Task instructions. With images removed, return the whole listing exactly as written.

Recorded data.
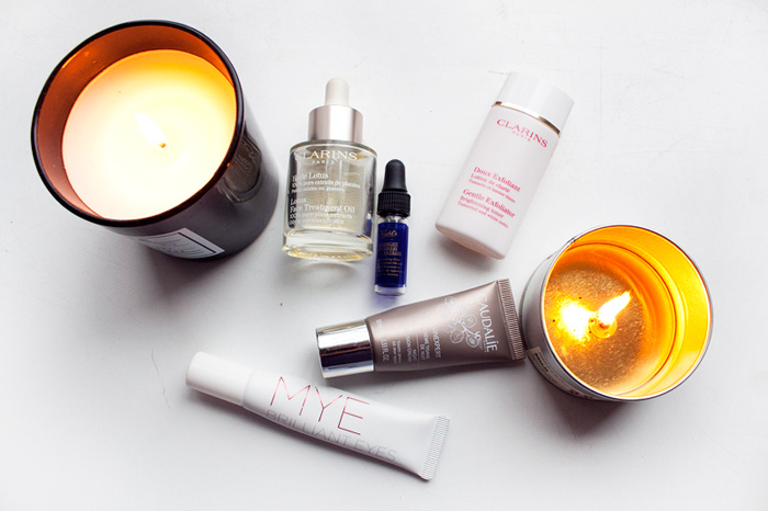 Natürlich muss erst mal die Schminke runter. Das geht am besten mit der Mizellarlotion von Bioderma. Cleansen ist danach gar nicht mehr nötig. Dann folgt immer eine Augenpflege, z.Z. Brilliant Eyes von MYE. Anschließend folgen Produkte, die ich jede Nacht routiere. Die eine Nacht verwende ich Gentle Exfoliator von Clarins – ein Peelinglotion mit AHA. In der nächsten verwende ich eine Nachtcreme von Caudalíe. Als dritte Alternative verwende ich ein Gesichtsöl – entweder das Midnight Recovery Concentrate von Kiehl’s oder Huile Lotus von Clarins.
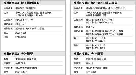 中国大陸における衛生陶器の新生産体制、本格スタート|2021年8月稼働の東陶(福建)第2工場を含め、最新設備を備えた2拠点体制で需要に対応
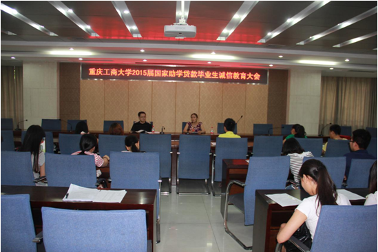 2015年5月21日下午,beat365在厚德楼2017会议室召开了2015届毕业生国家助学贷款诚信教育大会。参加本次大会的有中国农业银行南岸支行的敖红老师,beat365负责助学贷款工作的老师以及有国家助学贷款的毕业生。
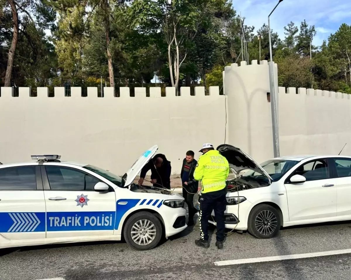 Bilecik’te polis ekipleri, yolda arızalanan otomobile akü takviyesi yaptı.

Result for this exercise.
 Natürlich muss erst mal die Schminke runter. Das geht am besten mit der Mizellarlotion von Bioderma. Cleansen ist danach gar nicht mehr nötig. Dann folgt immer eine Augenpflege, z.Z. Brilliant Eyes von MYE. Anschließend folgen Produkte, die ich jede Nacht routiere. Die eine Nacht verwende ich Gentle Exfoliator von Clarins – ein Peelinglotion mit AHA. In der nächsten verwende ich eine Nachtcreme von Caudalíe. Als dritte Alternative verwende ich ein Gesichtsöl – entweder das Midnight Recovery Concentrate von Kiehl’s oder Huile Lotus von Clarins.
 中国大陸における衛生陶器の新生産体制、本格スタート|2021年8月稼働の東陶(福建)第2工場を含め、最新設備を備えた2拠点体制で需要に対応
 2015年5月21日下午,beat365在厚德楼2017会议室召开了2015届毕业生国家助学贷款诚信教育大会。参加本次大会的有中国农业银行南岸支行的敖红老师,beat365负责助学贷款工作的老师以及有国家助学贷款的毕业生。
 Bilecik’te polis ekipleri, yolda arızalanan otomobile akü takviyesi yaptı.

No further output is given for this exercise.